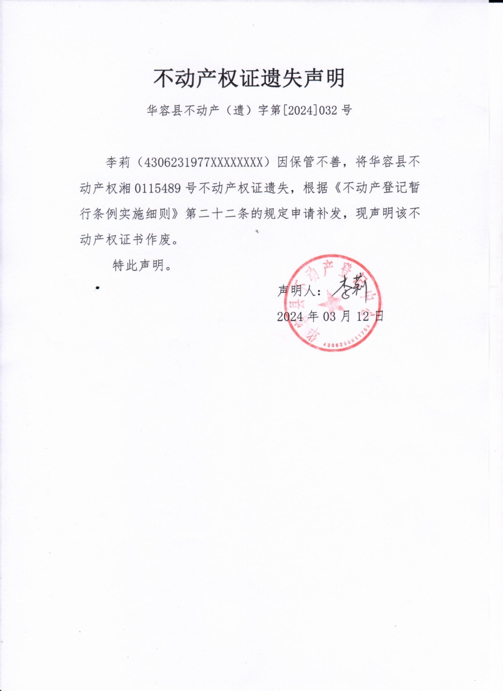 不动产权证遗失声明(李莉)
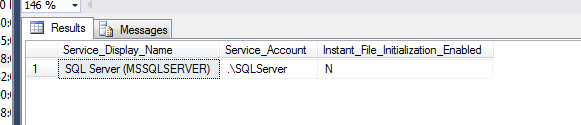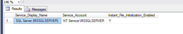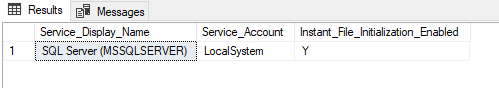 - Instant file initialization is only available if the SQL Server (MSSQLSERVER) service account has been granted SE_MANAGE_VOLUME_NAME.
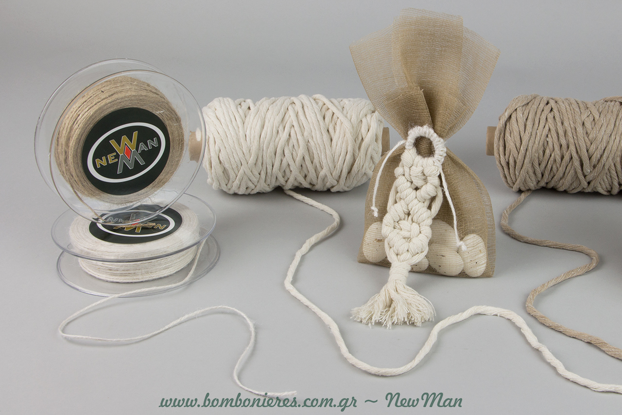 Δημιουργήστε χειροποίητες συνθέσεις μακραμέ για να διακοσμήσετε την μπομπονιέρα του γάμου σας. Στο κατάστημά Newman θα βρείτε κορδόνι μακραμέ σε ποικιλία αποχρώσεων.
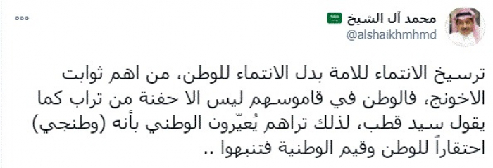 وقال في تغريدة عبر "تويتر" رصدها "المشهد العربي": "ترسيخ الانتماء للامة بدل الانتماء للوطن، من اهم ثوابت الاخونج، فالوطن في قاموسهم ليس الا حفنة من تراب كما يقول سيد قطب، لذلك تراهم يُعيّرون الوطني بأنه (وطنجي) احتقاراً للوطن وقيم الوطنية فتنبهوا".
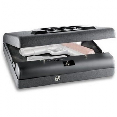 Dimensions: 12.25" x 10.68" x 3.53". Weight: 8.5lb. Interior dimensions: 11.9" x 8.28" x 3.11". Illuminated No-Eyes keypad. Door opens instantly upon correct code entry. Auto slide-out drawer. Foam-padded interior holds firearm in place and protects finish. All steel case. Tamper detect feature reports when unauthorized access attempts have been made. Includes back up keys. Security cable allows for lock down and tethering to a fixed object. Fabric strap storage in lid. Boxed.
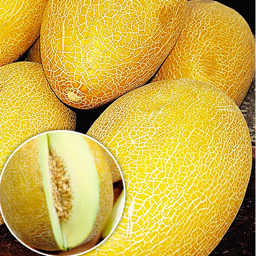 Янтарно-жовта диня з медовою, соковитою м'якоттю. Плід має золотисту шкірку, під якою ховається неймовірно солодка і ароматна серединка. М'якоть має виразний ананасовий присмак з відтінками бджолиного нектару і буквально закінчується запашним соком.
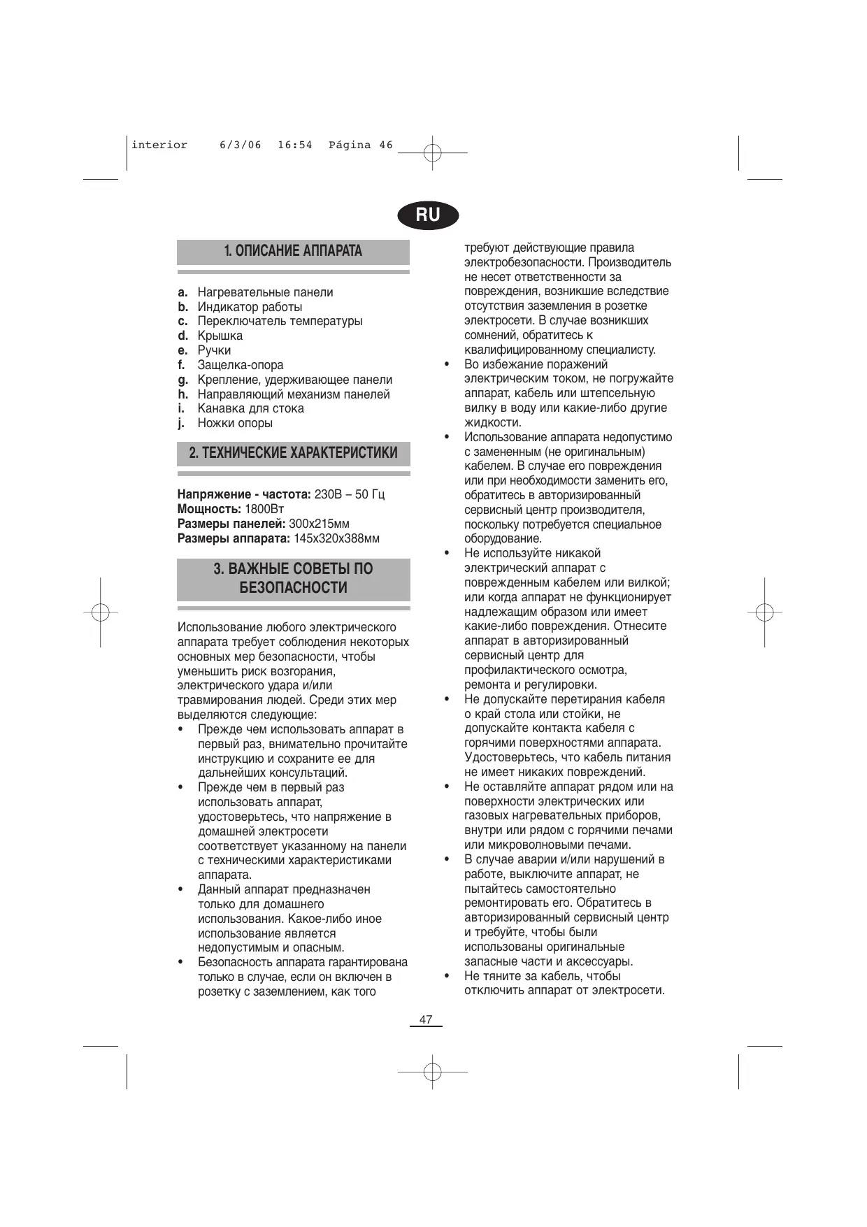 требуют действующие правила электробезопасности. Производитель не несет ответственности за повреждения, возникшие вследствие отсутствия заземления в розетке электросети. В случае возникших сомнений, обратитесь к квалифицированному специалисту. Во избежание поражений электрическим током, не погружайте аппарат, кабель или штепсельную вилку в воду или какие-либо другие Использование аппарата недопустимо с замененным (не оригинальным) кабелем. В случае его повреждения или при необходимости заменить его, обратитесь в авторизированный сервисный центр производителя, поскольку потребуется специальное оборудование. Не используйте никакой электрический аппарат с поврежденным кабелем или вилкой; или когда аппарат не функционирует надлежащим образом или имеет какие-либо повреждения. Отнесите аппарат в авторизированный сервисный центр для профилактического осмотра, ремонта и регулировки. Не допускайте перетирания кабеля о край стола или стойки, не допускайте контакта кабеля с горячими поверхностями аппарата. Удостоверьтесь, что кабель питания не имеет никаких повреждений. Не оставляйте аппарат рядом или на поверхности электрических или газовых нагревательных приборов, внутри или рядом с горячими печами или микроволновыми печами. В случае аварии и/или нарушений в работе, выключите аппарат, не пытайтесь самостоятельно ремонтировать его. Обратитесь в авторизированный сервисный центр и требуйте, чтобы были использованы оригинальные запасные части и аксессуары. Не тяните за кабель, чтобы отключить аппарат от электросети. interior 6/3/06

══════════

**Task goal**
A verbatim copy of the records is expected, from their first line through the line with "- Instant file", inclusive, with the pictures removed.

**Response**
 不动产权证遗失声明(李莉)
 - Instant file initialization is only available if the SQL Server (MSSQLSERVER) service account has been granted SE_MANAGE_VOLUME_NAME.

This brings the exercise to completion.